Assignment:
The copy you print must match the listing exactly, with its pictures removed.

Top of Raw data

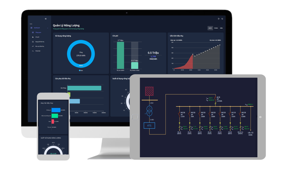 Thiết lập cảnh báo khi có sự cố hoặc vượt ngưỡng tiêu thụ, hỗ trợ xây dựng báo cáo năng lượng cho doanh nghiệp.
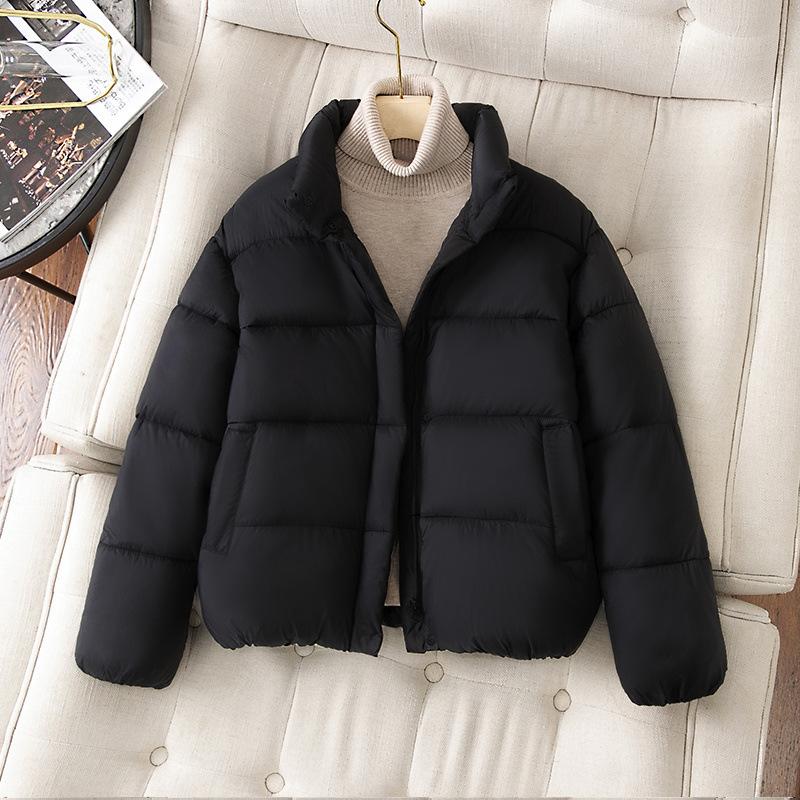 Женская короткая куртка свободного кроя с короткими рукавами и хлопковой подкладкой, 2024 г., зима, утолщенная, с воротником-стойкой
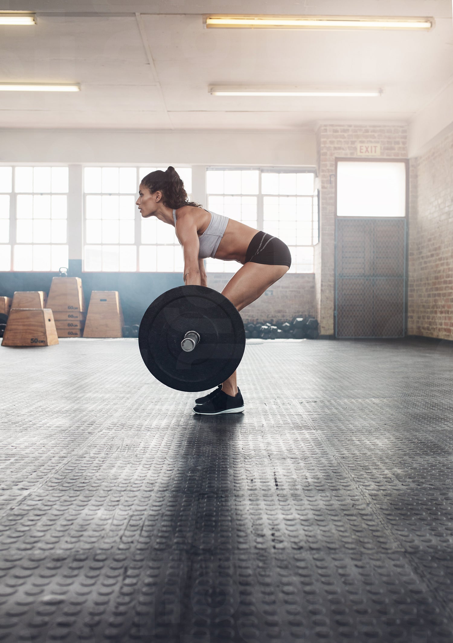 Side view of fitness woman doing exercise with a heavy weights in gym. Muscular woman practicing weightlifting at health club.
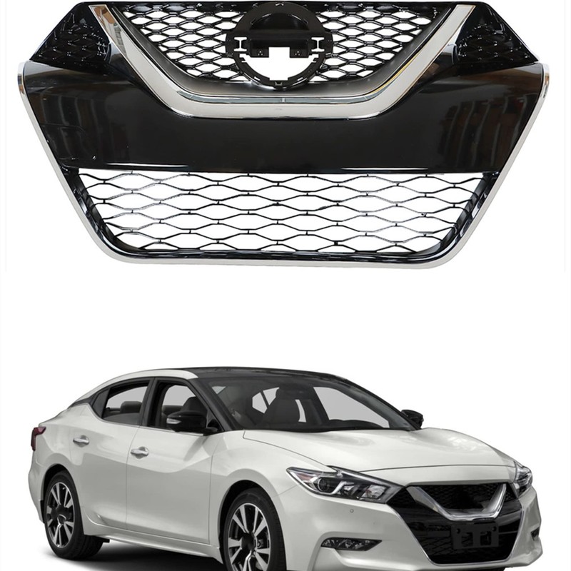 waltyotur Black Silver with Chrome Molding Grille Front Grille Assembly Replacement for Nissan Maxima 2016 2017

Bottom of Raw data

Written answer:
 Thiết lập cảnh báo khi có sự cố hoặc vượt ngưỡng tiêu thụ, hỗ trợ xây dựng báo cáo năng lượng cho doanh nghiệp.
 Женская короткая куртка свободного кроя с короткими рукавами и хлопковой подкладкой, 2024 г., зима, утолщенная, с воротником-стойкой
 Side view of fitness woman doing exercise with a heavy weights in gym. Muscular woman practicing weightlifting at health club.
 waltyotur Black Silver with Chrome Molding Grille Front Grille Assembly Replacement for Nissan Maxima 2016 2017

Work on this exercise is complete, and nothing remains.